I further wish to add that for the period between the 15th and the 28th of November 2017, that the Department’s “cause of action” was complete in that during the period under discussion, the Applicant had not submitted a valid leave application as is required under PILLIR and that, therefore, his continued absence from duty for 14 consecutive days was without the Department’s permission.’

 

[17]  It is not open to the Department now to rely on any alleged absence from work in respect of any other period on which it did not rely to justify the employee’s deemed discharge. The Department is bound by the confines of the pleadings that served before the Labour Court, and it is not open to the Department at this late stage to seek to make out a new case on the facts. Secondly, on the facts, it is far from clear that the employee’s absence from work after he reported for duty on 14 and 15 November 2017 was without permission. The employee made clear in his letter dated 14 November 2017 that he was tendering his services and awaited placement. On 30 November 2017, in the absence of any response from the Department, the employee recorded that he remained on medical leave, and stated that “I have no option but to take the rest of the leave”. That period of leave extended from 1 October to 30 November 2017.

 

[18]  In any event, the Department failed correctly to apply the principles that regulate a deemed discharge in terms of s 14 (1) (a) of the EEA and other, similar legislation. In Jethro, this Court stated that s 14 was to be used sparingly only in cases where the employer is unaware of the whereabouts of an absent employee or if the employee has evinced a clear intention not to return to work.[7] In the present instance, the Department was at all material times fully apprised of the employee’s whereabouts. Indeed, the Department was engaged in litigation with the employee in the High Court, the Labour Court and the bargaining council. There is no reason to interfere with the Labour Court’s decision to review and set aside the refusal to reinstate the employee. As in Jethro, the employee’s whereabouts were known, there was no suggestion that he had absconded, and he was contactable.

 

[19]  Turning then to the appeal in DA07/2023 against the limited remedy granted by the Labour Court, the Court furnished no reasons for reinstating the employee only from the date of judgment. But as the Constitutional Court pointed out in Mamasedi, in a case where an employee is deemed discharged without any lawful basis, the remedy is not reinstatement, since there was no dismissal or discharge in the first place. The appropriate order in these circumstances is one declaring that the employee has been and continues to be an employee. In the present instance, because s 14(1)(a) was never triggered, the employee has been and continues to be an employee of the Department. He is entitled to an order to that effect. To the extent that the Department submits that the employment relationship has broken down and that an award of compensation is appropriate, the employee does not claim an unfair dismissal.

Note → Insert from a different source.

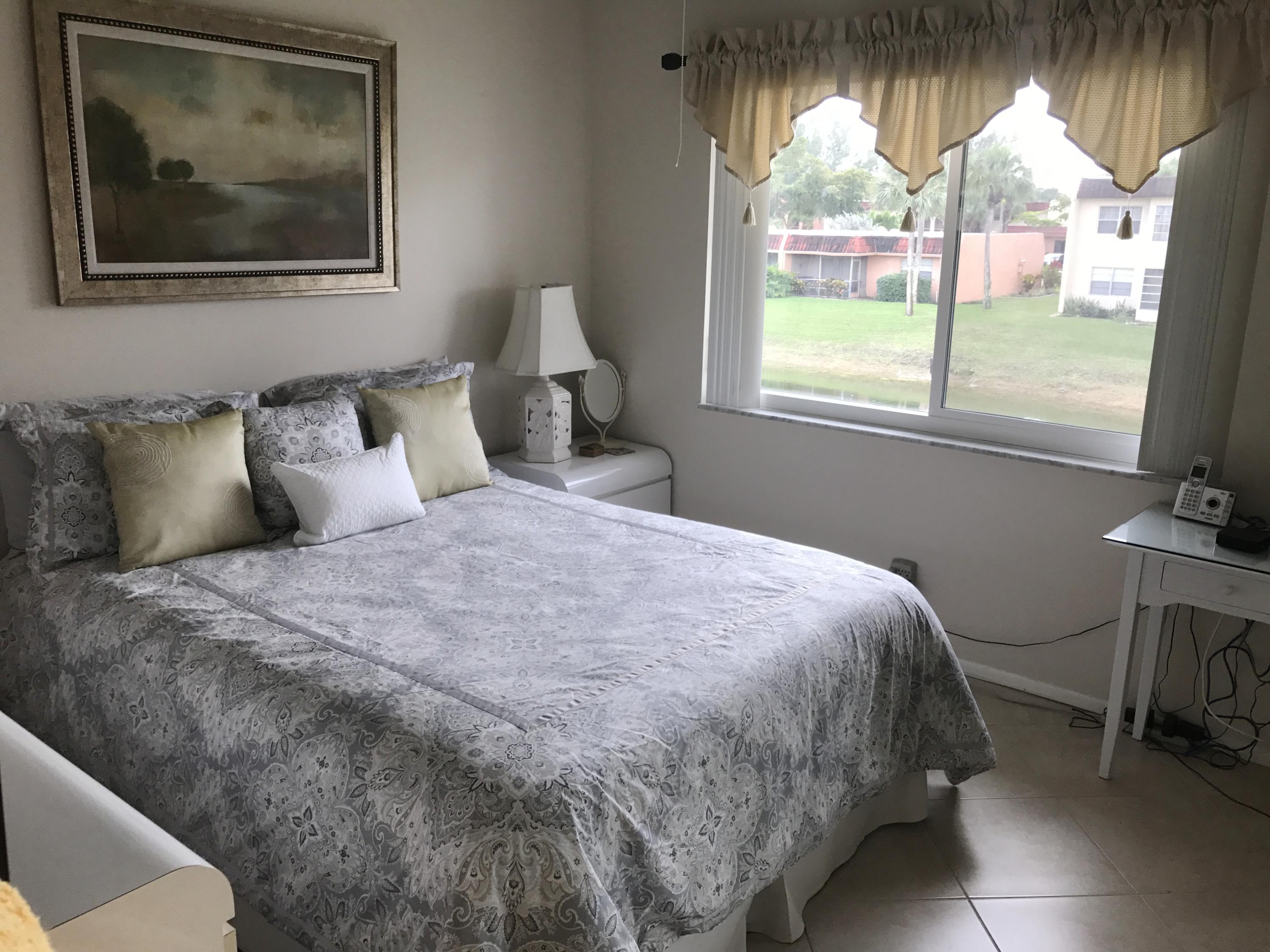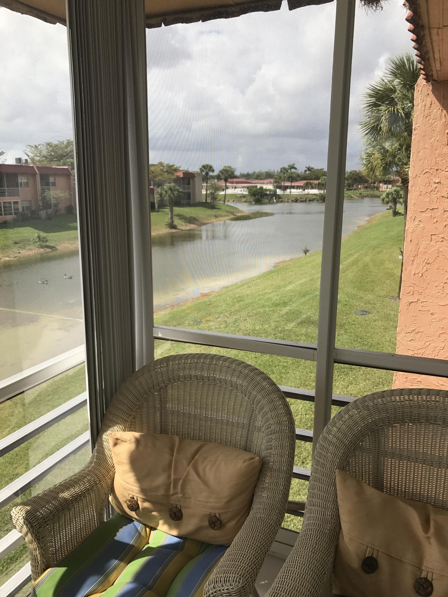 Your work is all done! Time to relax and enjoy morning coffee sitting in your screened-in lanai overlooking the lake, clubhouse and pool.This unit has been well loved and cared for. Many updates have been added to make it modern and comfortable. All tile flooring. New sliding windows and screens in the lanai. New highhat lighting throughout. Guest bath and master bath have been beautifully redone, Both bedrooms and kitchen windows have been updated to impact resistance. (NO SHUTTERING NEEDED). The kitchen ceiling has been raised and crown molding has been added to the cabinets for display possibilities. Stacking washer/dryer. Newer air conditioner and waterheater.The unit can be negotiated to be sold completely turn key.LARGE STORAGE UNIT INCLUDED WITH PROPERTY

Reliance of s 193 of the LRA, to which we were referred, is misplaced. The employee challenged the refusal to reinstate him by way of a legality review. He succeeded because the requirements necessary to trigger his deemed dismissal were not present. In the absence of a deemed discharge, the decision to refuse to reinstate him was a nullity. In these circumstances, fairness does not enter the picture and s 193 finds no application.

 

[20]  The granting of an order for costs in the Labour Court and this Court are regulated by s 162 and s 179 of the LRA respectively. Both sections provide that orders for costs may be made according to the requirements of the law and fairness. This means that costs do not ordinarily follow the result and that some basis, rooted in law and fairness, must exist for costs to be ordered. The Labour Court’s judgment is silent on the issue of costs. In the present instance, it is necessary to take into account, both in respect of the proceedings before the Labour Court and before us, that since the inception of this dispute, the employee has attempted to seek an amicable resolution to his employment situation, inter alia by writing letters explaining his circumstances, requesting gainful employment and tendering his services. These were met by the ‘deafening silence’ to which the employee referred, a silence that is inexplicable. As early as 13 November 2018, the Department was advised that the requirements to trigger s 14(1)(a) were absent and the employee’s reinstatement was demanded on that basis. The Department refused to comply with that demand, preferring to oppose the review application and file this appeal after the Labour Court’s judgment in favour of the employee. Even at the stage of appeal, the Department chose to vigorously proceed with the appeal despite the judgment in Mamasedi being drawn to the parties’ attention before the hearing. The employee is an individual who has been forced to expend his own resources in his quest for justice. Finally, the employee was substantially successful in the proceedings before the Labour Court, and he has substantially succeeded in this Court in his challenge to the limitation imposed by the Labour Court’s order. Finally, the Department’s failure to properly manage the employee’s ill health and its impact on his employment, the unanswered correspondence and the failure properly to ensure that important correspondence such as the letter of discharge and the refusal of the application for reinstatement actually reached the employee, demonstrate a manifest failure of efficient and effective human resource management. For all these reasons, the requirements of the law and fairness are best satisfied by an order for costs, both in respect of the proceedings in the Labour Court and in these proceedings.

 

[21]  In the result, the following order is made:

 

Order

 

1.  The appeal in DA 06/2023 is dismissed and the appeal in DA 07/2023 is upheld, to the extent that the order of the Labour Court is varied to read:

1.  The First and Second Respondents’ decision not to reinstate the Applicant, made on 22 May 2019 in terms of s 14(2) of the Employment of Educators Act, 76 of 1998, is reviewed and set aside, with costs.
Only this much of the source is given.